**AIM OF THE TASK:**
Restate word for word the part of the material that runs from the line containing "Вариант компактной прихожей" through its final line, inclusive, minus the pictures.
BEGIN DATA SHOWN
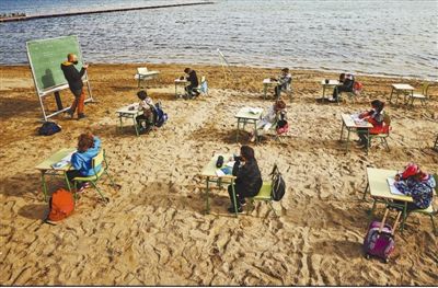 为防范新冠肺炎疫情,西班牙卡塔赫纳附近的一所学校将课堂搬到沙滩上,让学生们呼吸新鲜空气,避免室内聚集。图为近日,一名老师在西班牙卡塔赫纳附近的沙滩上为学生授课。
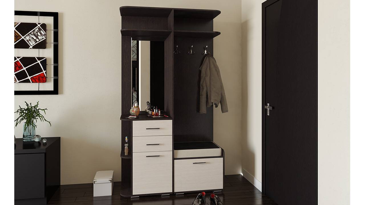 Вариант компактной прихожей с обувницей, зеркалом и вешалками.
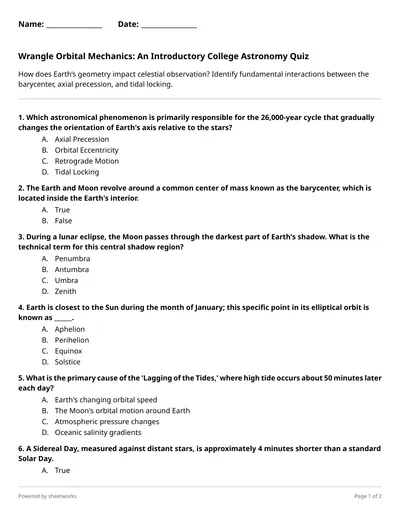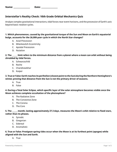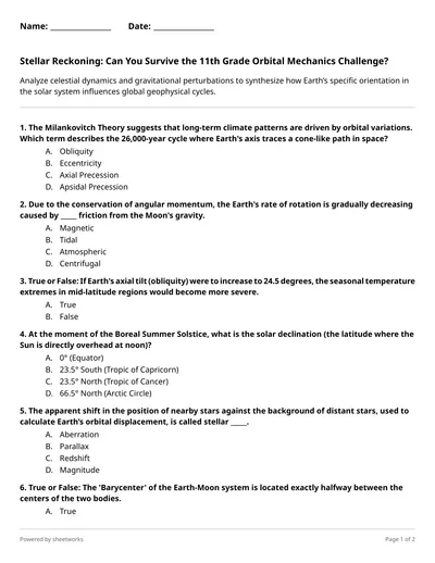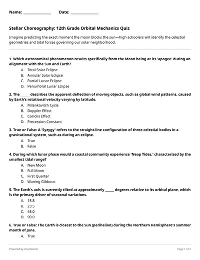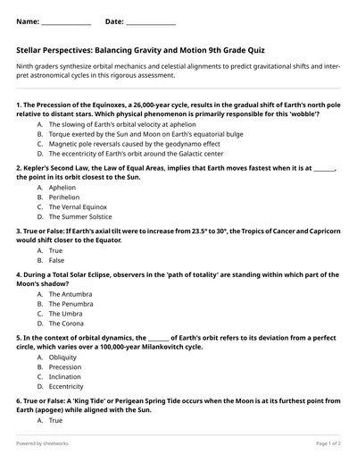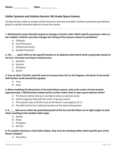 Ninth graders synthesize orbital mechanics and celestial alignments to predict gravitational shifts and interpret astronomical cycles in this rigorous assessment.
END DATA SHOWN
**REPLY TO THE TASK:**
 Вариант компактной прихожей с обувницей, зеркалом и вешалками.
 Ninth graders synthesize orbital mechanics and celestial alignments to predict gravitational shifts and interpret astronomical cycles in this rigorous assessment.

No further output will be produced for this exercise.